Actors like Mr. Pratt should be “true to themselves,” said Phil Lobel, owner and founder of Lobeline Communications, a Los Angeles-based public relations firm. “So long as he practices what he preaches, with regards to inclusiveness and ‘love thy neighbor,’ I feel it can bring him respect.”

It helps that the actor “speaks from the heart,” Mr. Lobel said. That authenticity means audiences and fans alike grasp the seriousness of his approach.

However, that type of persona didn’t shield former NFL quarterback and current New York Mets minor leaguer Tim Tebow from media brickbats for his overtly Christian messaging early in his professional career.

Producer/director Spencer T. Folmar applauds how Mr. Pratt injects levity into what he calls the star’s “sermons” as a way to broaden their appeal and connect with young viewers.

“He’s an entertainer, and he understands his role in society,” Mr. Folmar said. “Even great preachers of old used a lot of comedy. … That can help audiences digest some hard truths.

Chris is a great representative of the faith,” added Mr. Folmar, whose most recent film, “Generational Sins,” brought a gritty realism to the faith-based film genre.

Mr. Pratt hasn’t signed on for any overtly spiritual films, Mr. Folmar said, but the actor’s faith journey in Hollywood is rare and remarkable.

That doesn’t mean the star will receive unanimous praise from the culture at large.

“There’s definitely a risk,” he said. “I’m still kind of amazed that he’s been so accepted in his faith proclamations.”

Mr. Pratt’s other proclamations have proved more divisive.

A TV Guide op-ed last month with the headline “How to Love Chris Pratt Without Hating Yourself” targeted the star for being a proud hunter and mocking outrage culture. A few news sites also attempted to smear him via his ties to Hillsong Church.

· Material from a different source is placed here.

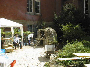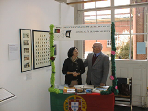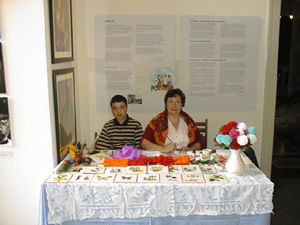 Filipa Baade und Helge Dankwart am PHG-Stand Handgefertigte Papierblumen Aufbau der Stände Verkauf von Kunsthandwerk Es geht los ...

Mr. Pratt — like Justin Bieber, Nick Jonas, Selena Gomez and other high-profile Christians — belongs to the Australian-based church with many stateside locations. The reports claim the church is “anti-gay” for not allowing homosexuals in positions of power behind the scenes.

NBC News entertainment writer Ethan Sacks credits the star’s “likable quality” for protecting him from more naysayers.

“He’s almost uniformly liked across the political divide,” said Mr. Sacks, who worked two charity screenings with Mr. Pratt in recent years. “He’s not somebody who is capable of the fire and brimstone, the kind of language that might alienate somebody of that same level of faith. It’s very personal.

“He thanks God. He doesn’t proselytize. ‘This is me,’” Mr. Sacks said. “How could you be offended by that? He’s not forcing it down anyone’s throat. He’s not talking down to anyone.

“His faith,” he said, “will be appreciated by more people than it alienates.”

Mr. Sacks notes the actor’s willingness to share his hunting habits with his fans, though that may be more concerning in the current climate.

“He believes in responsible gun ownership,” said Mr. Sacks, a former film editor for New York Daily News. “On an issue like that, no matter what you say … you’re alienating one side.”

Mr. Lobel said Mr. Pratt’s faith-friendly persona could have a ripple effect in his industry, which is known for its secular standing.

“If the public is receptive to his message and others see no downside, and they, too, offer inclusiveness in their messages of faith, then, yes, I believe others will feel comfortable in their path to openly espousing their feelings of spirituality,” Mr. Lobel said.